Обследование дома завершается комнатой Розы, которая недавно перебралась в бывшую мастерскую отца вместе со своей коллекцией ракушек. Очень уж ей хотелось жить в мастерской отца, как бы у самого отца, хоть и в доме матери, а той это и в голову не пришло. Одним из немногих преимуществ неминуемого переезда будет то, что Розе придется расстаться с этой мастерской, и тогда, в тесной квартирке, вынужденная снова жить в одной комнате с сестрой, она поймет настоящую цену отцовской доброты.
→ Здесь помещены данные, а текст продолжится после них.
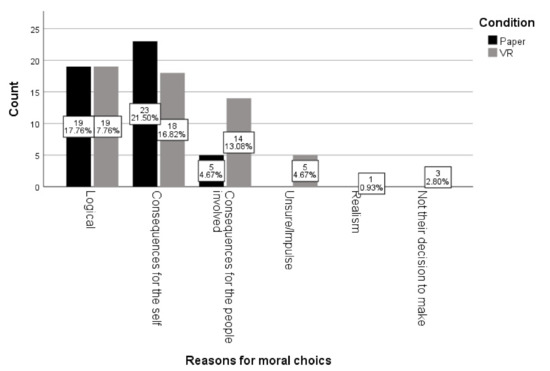 As shown in Figure 1, participants in the VR version gave “thinking about the consequences of the people involved” as an answer more than in the paper version. They also named “error/impulse” as a reason, whilst no one mentioned this in the paper version.

Дверь в мастерскую тщательно закрыта. Алина ничего, ничего бы не пожалела, чтобы привлечь Розу на свою сторону. Она робко скребется в дверь. Ключ в замке поворачивается, задвижка отодвигается. Дверь распахивается, и глазам Алины предстает комната, которая служила Луи местом свалки ненужных вещей, а теперь новая обитательница все переделала, заново оклеила — это стоило дешево, ибо она все сделала сама, — и комната стала спальней молодой девушки, где пахнет цветом шиповника, где стоит безукоризненно застеленная кровать, где облаком белого пара от ветерка вздымается занавесь, а на полочках зияют расщелинами большая Strombe, зеленая Turbo, Murex с розовой пастью, и на каждой раковине аккуратно наклеен ярлычок с названием.

— Я тебе нужна?

Пунктуальная, сдержанная Роза всегда выметет дом, почистит овощи, проворно взобьет яичные белки, накроет на стол — и все это без ворчания, тогда как остальные дети ни в чем не помогают; у нее средняя оценка — двенадцать баллов, а то и больше, а ведь в этом же классе старшая сестра плелась в хвосте; Роза всегда вежлива, когда надо и кого надо поцелует, особенно мать, хотя никогда не кинется ей на шею, не будет нашептывать на ухо свои тайны или нести какой-нибудь нежный вздор, как это делает Агата. В Розе, как в зеркале, повторилась она — Алина, но у своего двойника она не самая любимая, и с этим матери свыкнуться трудно.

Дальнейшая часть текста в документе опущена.